▶ [Goal of the exercise] Omitting all pictures, copy word for word the lines from the line containing "玄関から一直線上に配したキッ" through the final line of the entries.

▶ [Stored data]
▶

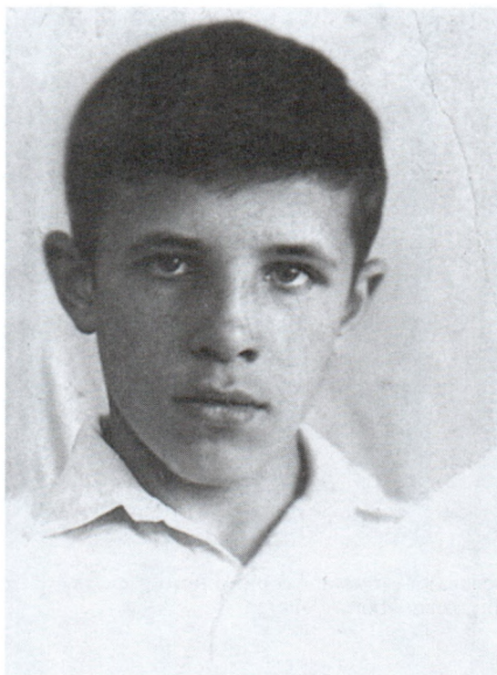
Иван Ковальченко. 1936 г.
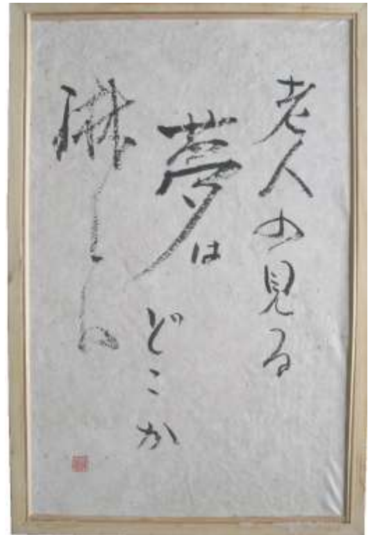
額も詩も自作：退職教職員作品展出品
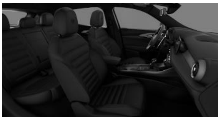
33R (428) – Piele perforata neagra si cusatura gri (optional Sprint / Ti / Veloce)
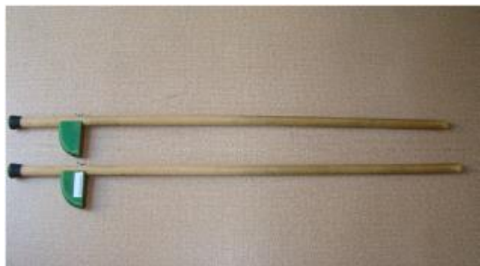
Echasses en bois
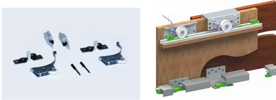
Şekil 7. Sürgü kapak Sistemleri (Furniture Sliding Door System) [6].

Mobilyalarda gizemlilik, temizlik ve kullanım özelliklerine bağlı olarak kapak sistemleri kullanılmaktadır. Kapaklar; Sürme ve Katlanır Kapı/Kapak olarak detaylandırılabilir. Mekanizma Sistemleri, masa rayları, eş zamanlı açılır kapanır masa sistemleri, dolap ve kapı/kapak sistemleri, ağır sürme gardolap sistemleri, cam kapak/kapı sistemleri, bölme panel sürgü ve katlanır sistemler, duvardan duvara ve tabandan tavana ray dolap panel sistemleri bu grupta yer almaktadır. Şekil 7’de sürgülü kapı sistemi ve elemanlarına örnek verilmiştir.
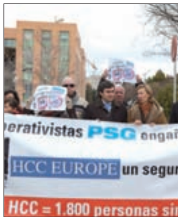
Afectados de PSG

El Grupo Independiente de Cooperativistas (GiC) ha asegurado que, "a raíz de descubrir el proyecto de fusión de HCC Europe, por el que esta compañía aseguradora desaparecerá absorbida por su casa matriz en Inglaterra", han recrudecido las actuaciones judiciales en defensa de los inte-
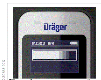
"Тестийн явцыг харуулах" тэмдэг
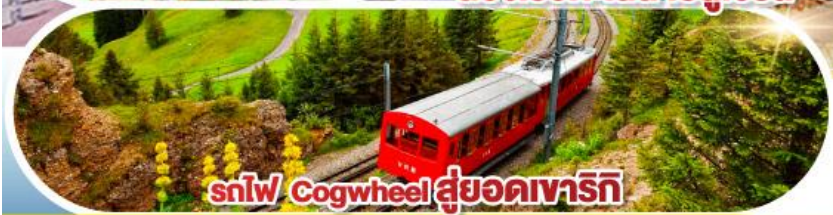
snlw Cogwheel สู้อยอดเขาริกิ
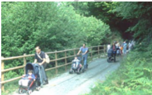
Ilustración 8. Camino a Andoain.

Cambia también el paisaje, que se va cerrando progresivamente en paralelo a las aguas del río Leitzarán. A 1 km de la muga, y a 50 metros de la Vía Verde, se encuentran las Minas del Plazaola o Bizkotx, minas que dieron origen al ferrocarril del Plazaola. Muy recomendable la visita para los amantes de la arqueología industrial.
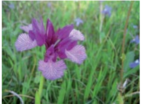
Foto nº 5 Orchis papilionacea . Arroyo Jaboneros.
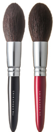
R-C1 CHIKUHODO CHEEK BRUSH Кисть для нанесения румян
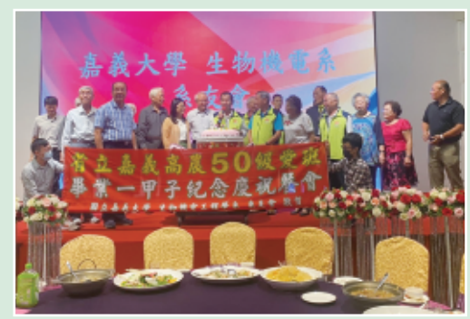
省立嘉義高農50級愛班畢業一甲子紀念慶祝餐會
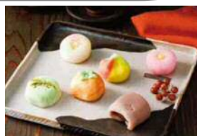
〈俵屋吉富〉 季節の上生菓子6種
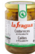
Código: 1477 Codornices en Escabeche Extra Tarro-445 EAN13: 8436006911477
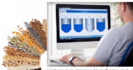
Il software di visualizzazione Nivotec® indica i livelli dei silo in tempo reale sul PC dell'operatore
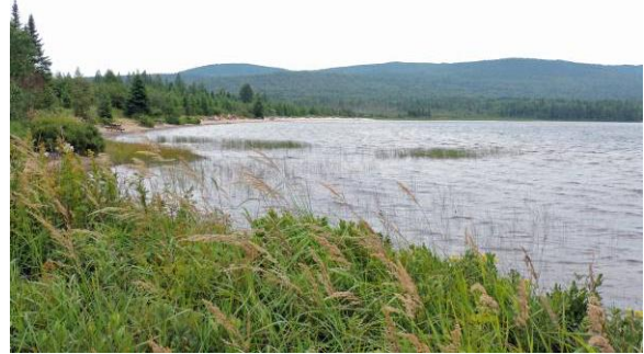
Lac des Sables, parc national du Mont-Tremblant

Aux environs du ruisseau Beaulieu, environnement majoritairement coniférien : observations occasionnelles de Tétràs du Canada, Mésangeai du Canada et Mésange à tête brune.
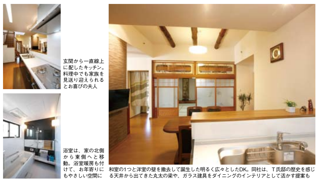
玄関から一直線上に配したキッチン。料理中でも家族を見送り迎えられると嬉しいお母さん
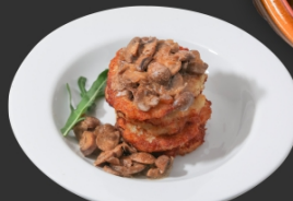
Деруни з грибним соусом

◀

▶ [Written solution]
玄関から一直線上に配したキッチン。料理中でも家族を見送り迎えられると嬉しいお母さん
Деруни з грибним соусом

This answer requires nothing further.